In an adversarial jurisdiction such as England and Wales courts are (generally) bound by the evidence tendered by the parties. In a case such as Charlie’s where the outcome has such profound consequences, the need to ensure that all the relevant evidence is put before the court and properly tested cannot be overstated. Indeed, the domestic courts have observed that the guardian ‘is on any view pivotal to the whole scheme’ as they are ‘both the voice of the child and the eyes and ears of the court’. Appointing a guardian for Charlie is entirely consistent with the obligation under Article 8 of the ECHR to ensure that the child’s interests are given paramountcy. In those circumstances it is difficult to understand how an issue can be taken with this practice. As Mr Cornides acknowledged, there is nothing to suggest that Charlie’s guardian has not carried out her duties (which include, fundamentally, to ‘fairly and competently … conduct proceedings on behalf of the child’) to the best of her ability. The sole basis of Mr Cornides’s challenge, then, appears to be that the guardian disagrees with Charlie’s parents as to what is in his best interests.

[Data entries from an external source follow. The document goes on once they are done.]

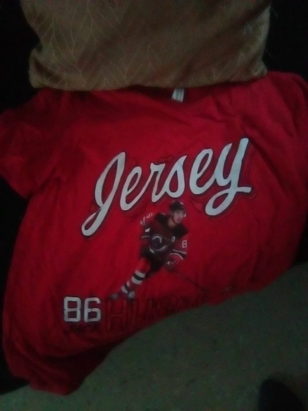 This red hockey jersey features the word 'Jersey' in large white script across the chest. A graphic of a hockey player in action is also printed on the front, with the number '86' visible. It's made from a soft material.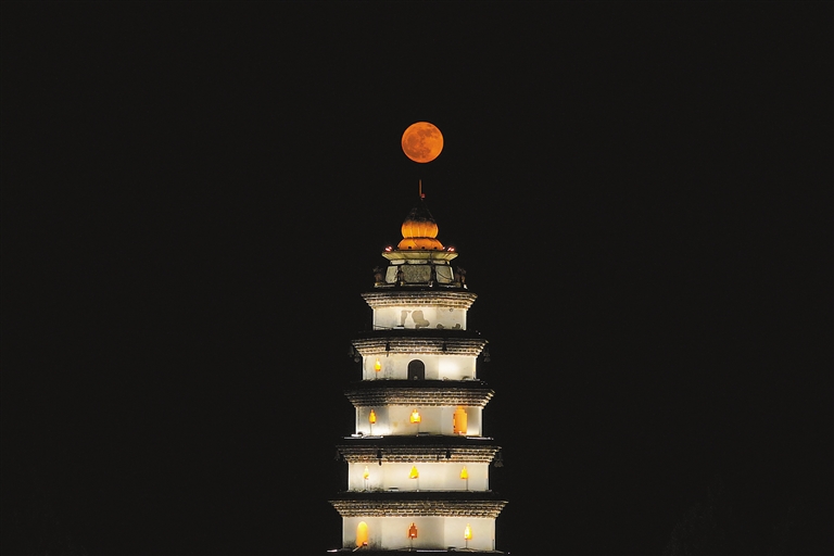 图为6月11日在四川省阆中市拍摄的悬挂在明代白塔塔尖的满月(无人机照片)。新华社发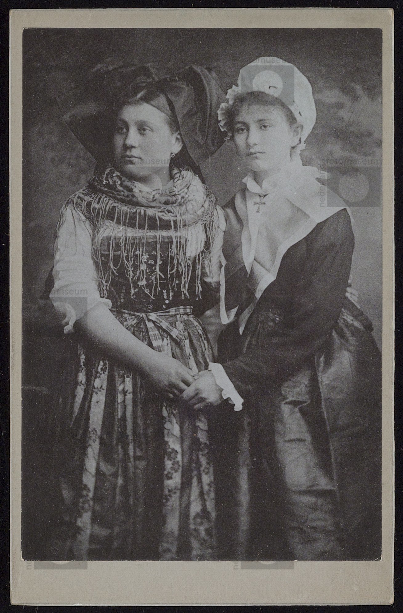 Twee meisjes in klederdracht uit de Elzas, Frankrijk...

Indeed, Charlie’s parents submitted before the domestic courts of appeal and the ECtHR that the test ought not to be one of best interests. Rather, they argued that the proper ‘test’ in cases such as Charlie’s (that is, where both parents agree as to the treatment that should be undertaken) ought to be whether there is a likelihood that such treatment would cause ‘significant harm’ as opposed to whether the treatment is in the child’s best interests. In rejecting that claim, both the Supreme Court and the ECtHR noted the broad international consensus that the child’s best interests is the paramount factor. The courts also observed that even if the ‘significant harm’ test were to apply, it would be met in Charlie’s case given the likelihood that he would be ‘exposed to continued pain, suffering and distress’ (ECtHR at [119]).

Concluding observations

Charlie’s case is tragically sad. But the issues it raises are not unique. Central to the law as it pertains to medical treatment of incapacitous patients in England and Wales is the need to ensure that any such treatment is in the patient’s best interests. While it may seem unjust that Charlie’s parents are not ‘allowed’ to make decisions about his treatment, it is a consequence of a broader system aimed at ensuring that it is the patient’s interests, and no one else’s, which dictate whether treatment is given. Finally, as noted at the outset, Mr Cornides’s post, particularly as it pertains to euthanasia, has implications beyond Charlie’s case and the need for clarity in debates surrounding assisted dying practices is of particular importance in the UK, where a new challenge to the Suicide Act 1961 based on Article 8 of the ECHR is this week before the High Court.